For each rollout, the sandbox is prepared by:

installing git and ripgrep
cloning the VS Code repository
verifying that the clone succeeded

The model then searches that repo to answer questions.

Dataset

The dataset is loaded from cdreetz/swe-grep-v2 and filtered to examples where check == "Yes".

During preprocessing:

user_query is renamed to question
ground_truth is renamed to answer
file_path and file_path_2 are preserved for reward computation
the dataset is split into train and eval sets

The examples are synthetic but grounded in real code from Microsoft’s VS Code repository.
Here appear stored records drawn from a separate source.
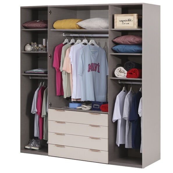 2 Kapılı Dolap Ana Kabin + 1 Kapılı İlave Kabin (2 Adet) + 2 Kapak Çekmeceleri (1 Adet) + Cam Kapak (Led Dahil) (2 Adet)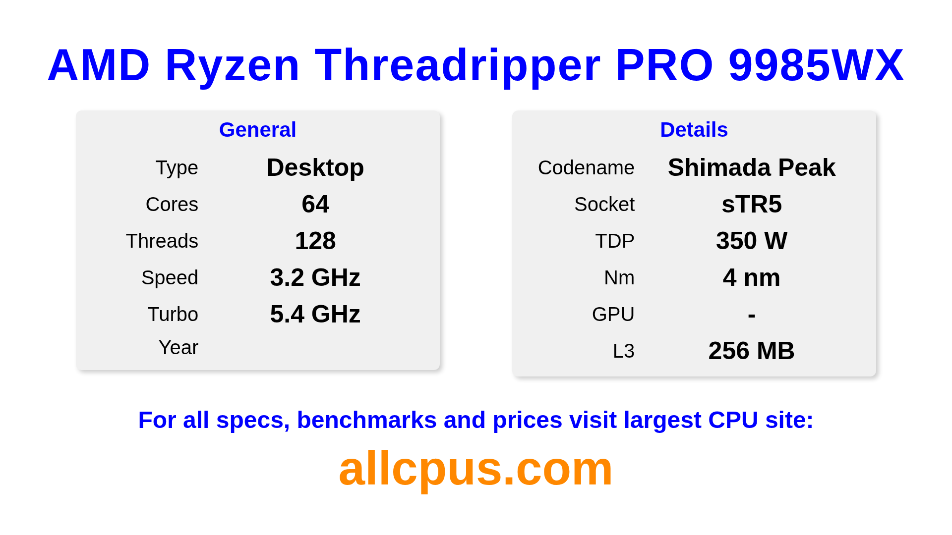 The AMD Ryzen Threadripper PRO 9985WX is a AMD desktop processor from the Ryzen Threadripper PRO lineup, built on the Shimada Peak architecture and released in . This CPU features 64 cores, a base clock of 3200 MHz, maximum turbo frequency of 5400 MHz and 256 MB of L3 cache. Manufactured using 4 nm process technology. The AMD Ryzen Threadripper PRO 9985WX is designed for the sTR5 socket.It supports overclocking. A dedicated graphics card is required.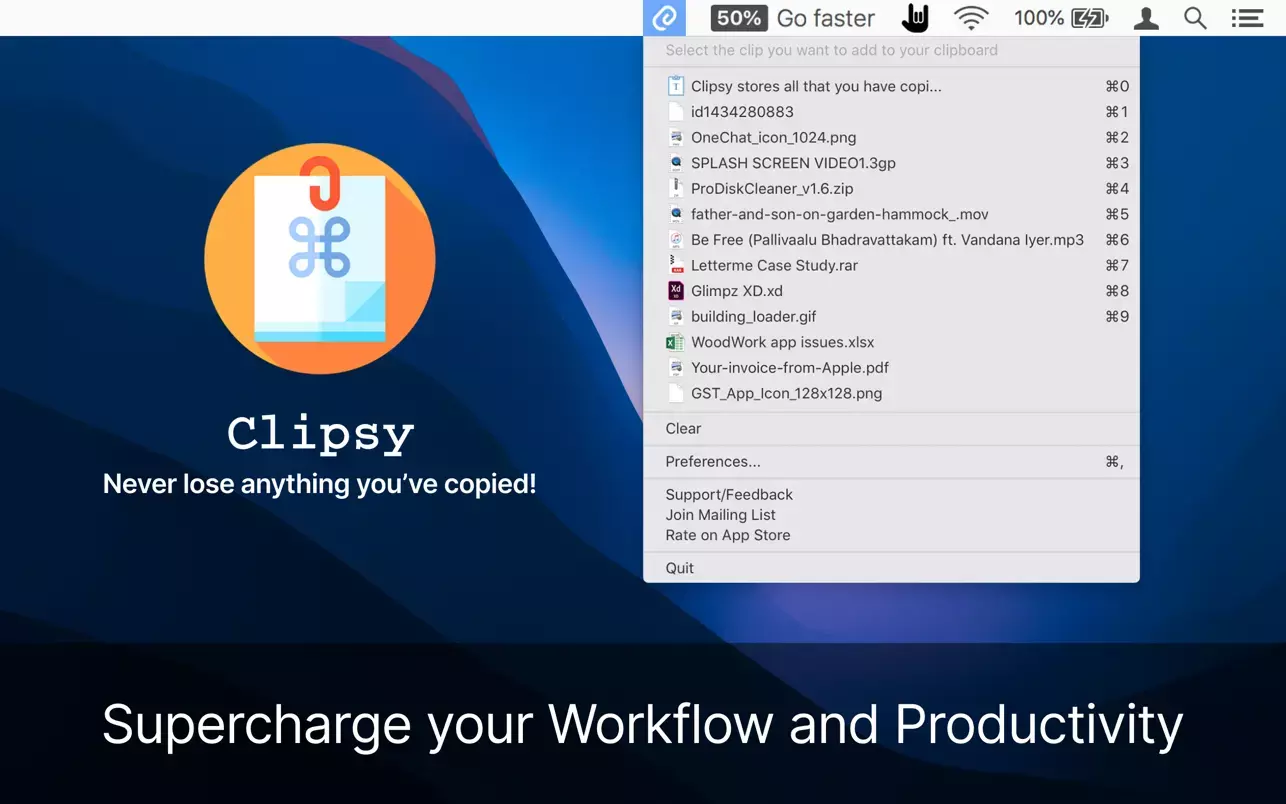 Clipsy Mac 是一款强大的剪贴板管理工具,旨在提升您的工作效率,帮助您在短时间内增加生产力。使用Clipsy,您将再也不会丢失之前复制的文本和文件,并且能够管理多达9999条复制历史记录。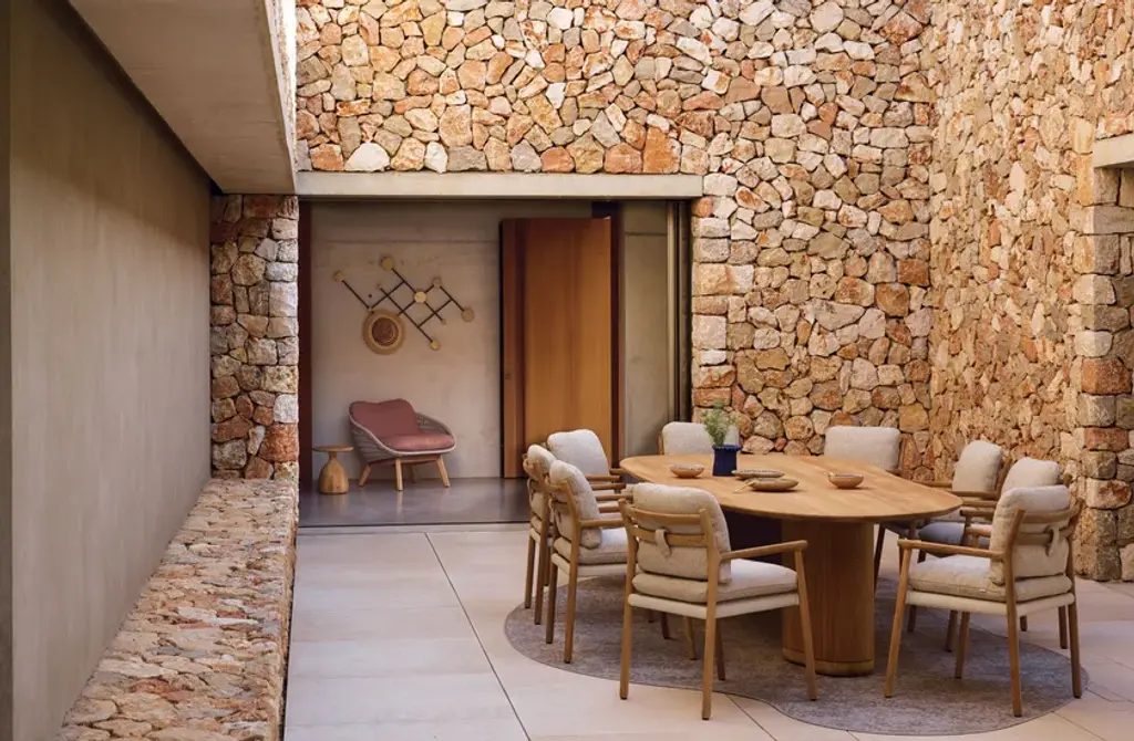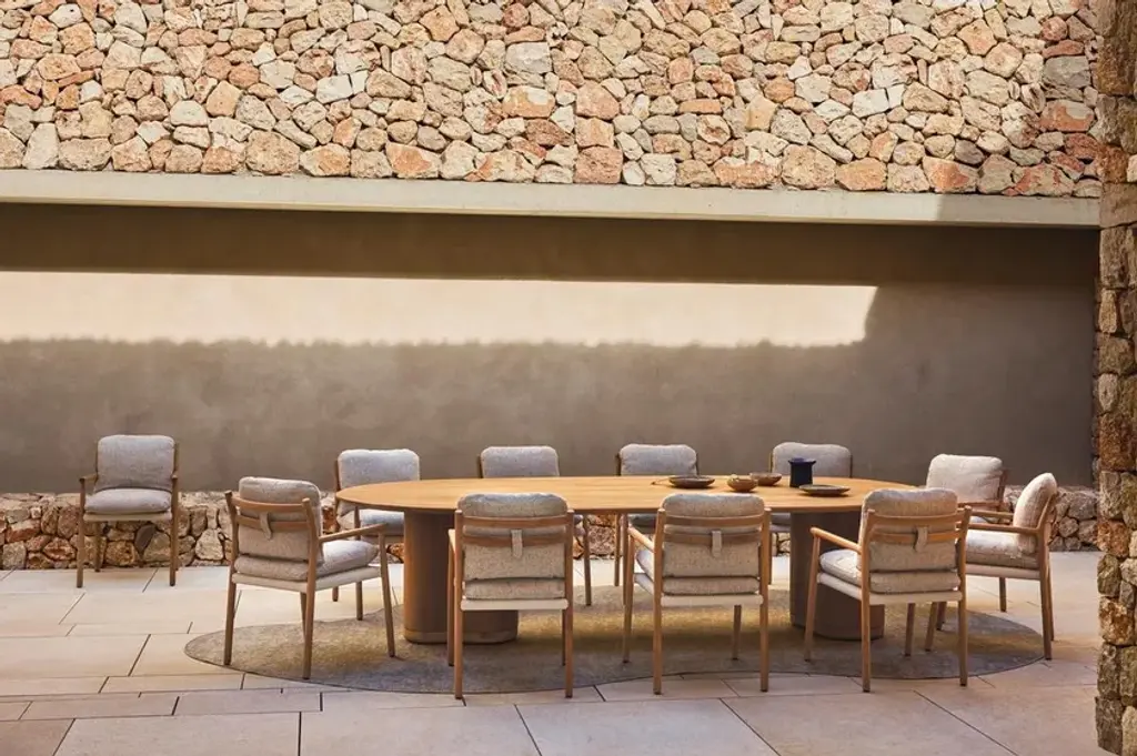 The Ogado Organic Dining Table by Manutti blends natural elegance with timeless design. Designed by Brent De Meulenaere, it features a sculpted teak base and a spacious tabletop (310x135 cm) for up to 12 guests. Weather-resistant with optional cover, it’s perfect for stylish outdoor dining.Inspired by the fusion of nature’s elegance and timeless design, the Ogado Collection invites you to enjoy the beauty of organic shapes and inviting textures. Crafted with high-end precision and careful attention to detail, each piece reflects the graceful lines found in nature, from the flowing tabletops in ceramic or teak to the unique, sculpted wooden bases inspired by natural forms. Find tranquility and balance in the blend of teak wood and ceramic, creating a calm, soothing atmosphere in any outdoor space.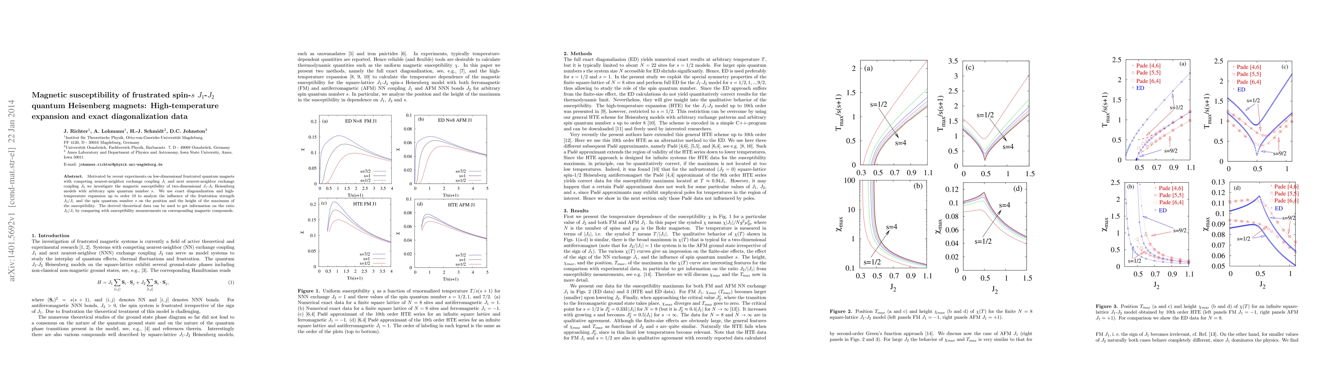This paper investigates the magnetic susceptibility of two-dimensional J1-J2 Heisenberg models using exact diagonalization and high-temperature expansion. The study reveals how the ratio J2/J1 and spin quantum number s affect the susceptibility peak, providing a theoretical framework for interpreting experimental data on frustrated quantum magnets.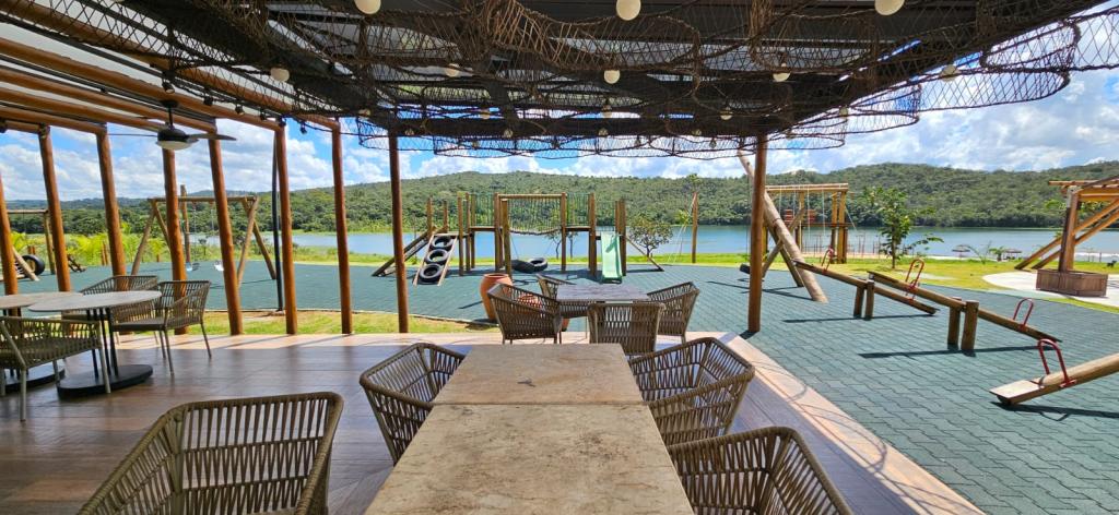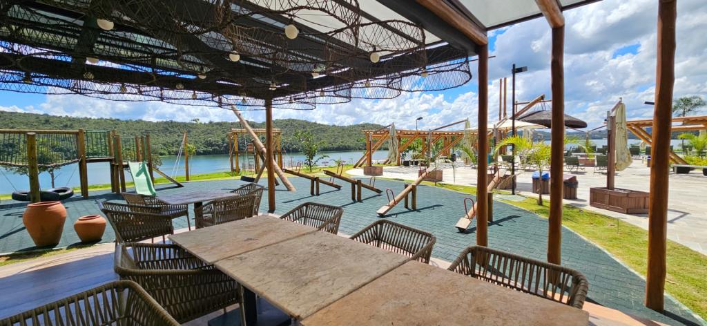 Mirante, Tirolesa, Trilhas, Praia, Restaurante, Piscina, Quadras, Píer, Deck, Guarda-Barcos, Lojas, Praças, Bosque, Quadra de Tênis, Estação de Ginástica, Playground, Espaço Zen.
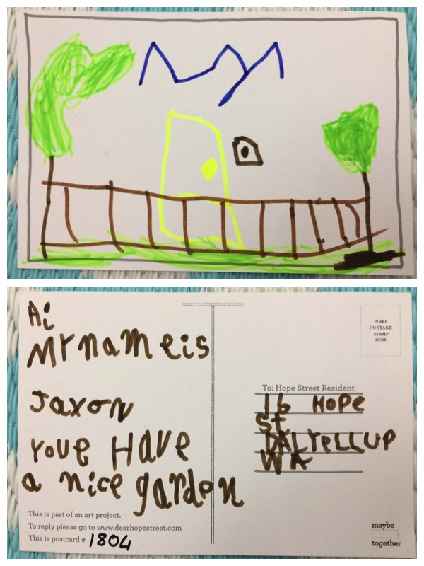 Dear Jaxon, Writing to say thankyou for your postcard. Sorry it’s taken a while to reply, but I’ve been busy in the garden. It was really nice of you to notice the garden as it does take a lot of hard work to keep it looking like this. I really liked the picture you drew of the garden, the front fence and the house.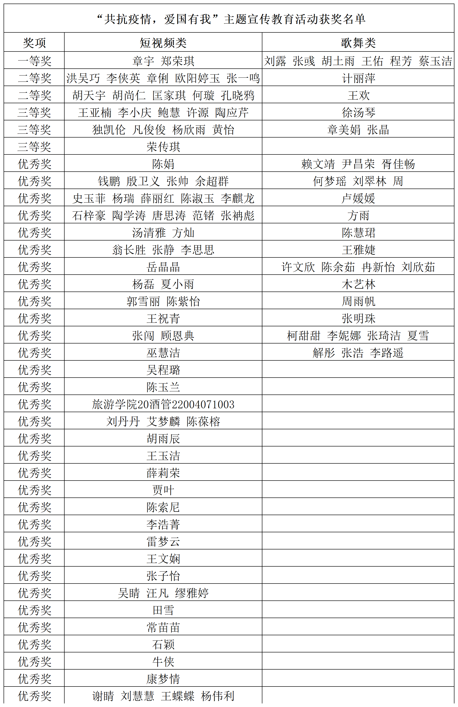 活动围绕伟大抗疫精神、抗击疫情事件、抗击疫情英雄人物、抗击疫情志愿者、抗击疫情纪录片共5个主题开展,鼓励校园学生通过歌曲、舞蹈等宣传“共抗疫情,爱国有我”。活动共收到作品134余件,作品充分体现了当代大学生抗击疫情的担当作为,弘扬了新时代爱国主义精神。
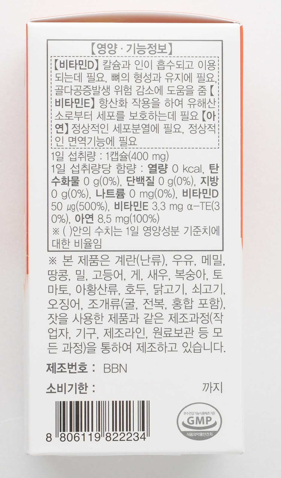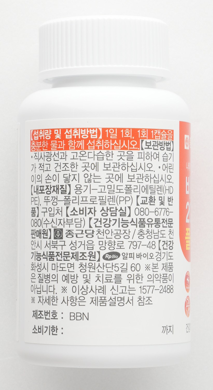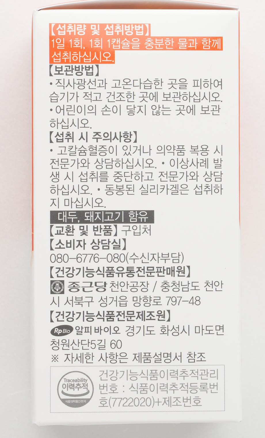 | 소비기한 및 보관방법 | 소비기한(또는 유통기한) : 2027년 03월 08일 이거나 그 이후인 상품 제조년월일 : 2025년 03월 09일 이후인 제조상품 보관방법: 컨텐츠 참조 | 포장단위별 내용물의 용량(중량), 수량 | 36g(90캡슐) x 3개 |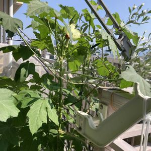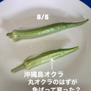 オクラ【水耕栽培】 今年は4種類の、丸オクラと 多角オクラ(まだ収穫出来てません) を育ててますが、植えていない角オクラが育ちました😅 購入している種屋さんの去年の情報で丸オクラにならないと苦情ありと発信されてて、昨年のウチのオクラは大丈夫でしたが.今年になって出て来ました😂 大きくなると筋が硬そうなので、早目に収穫しなくては🧐 タネ屋さんでも交雑あるのかな🧐
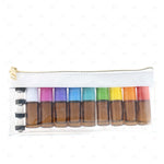 Съдържание: 9 х 5 мл. амбър стъклени ролон бутилки, първокласни неръждаеми ролери и пластмасови многоцветни капачки с прозрачен несесер с цип.

The goal is to train retrieval behavior on realistic developer questions paired with technical explanations and source files.

For more detail on the dataset generation pipeline, see: https://app.primeintellect.ai/dashboard/environments/prime/swe-grep/files/frt126ew7h8p1fud3bwl9ceu/src/create_dataset.py

Reward design

This recipe uses a vf.JudgeRubric with three active rewards and one tracking metric:

Correct answer (0.4): did the model produce the right technical explanation?
Correct file paths (0.4): did it identify the relevant file or files?
Parallel tool calls (0.2): did it use available tool parallelism effectively?
Efficiency bonus (0.0): among correct rollouts, reward fewer turns

rubric = vf.JudgeRubric(judge_prompt=JUDGE_PROMPT)
rubric.add_reward_func(correct_answer_reward_func, weight=0.4)
rubric.add_reward_func(correct_file_paths_reward_func, weight=0.4)
rubric.add_reward_func(parallel_tool_calls_reward_func, weight=0.2)
rubric.add_reward_func(efficiency_bonus_for_correct, weight=0.0)

A few notable design choices:

correctness is judged semantically, not by exact string match
multi-file tasks are supported via file_path and file_path_2
the environment explicitly encourages parallelism
the default system prompt constrains the agent to 2 turns, increasing pressure to search well

Agent behavior being optimized

The system prompt pushes the model toward a very specific behavior profile:

use tools aggressively
make multiple tool calls per turn
gather evidence from all relevant files
return both file paths and a final answer

Expected response format:

Files:
- <path/to/file1>
- <path/to/file2>
Answer: <your answer here>

Quick start

From this recipe directory, install dependencies and run eval through Verifiers or Prime tooling.

Environment entrypoint

pyproject.toml should point at:

[tool.verifiers.environment]
entrypoint = "swe_grep:load_environment"

Eval defaults currently present

[tool.verifiers.eval]
num_examples = 5
rollouts_per_example = 3

Python usage

from swe_grep import load_environment

env = load_environment()

Files

swe_grep.py: environment, tools, prompt, dataset loading, and rewards
src/create_dataset.py: dataset generation pipeline
src/sandbox_metrics.py: sandbox execution metrics and retry helpers

Notes and limitations

The current eval defaults are very small (5 x 3) and seem intended for quick iteration rather than robust benchmarking.
Reward quality depends on judge quality, so score stability may vary across judge models.
The environment is intentionally opinionated: it trains search behavior under strict turn limits rather than general software engineering performance.

Environment Hub

Prime Environment Hub: https://app.primeintellect.ai/dashboard/environments/prime/swe-grep

Summary

This recipe is a compact example of RL for retrieval behavior:

ground the model in a real repository
give it a small, focused tool set
reward correctness, coverage, and speed
encourage parallel search under tight constraints

It is not the only way to train a strong grep agent, but it is a clear and practical starting point.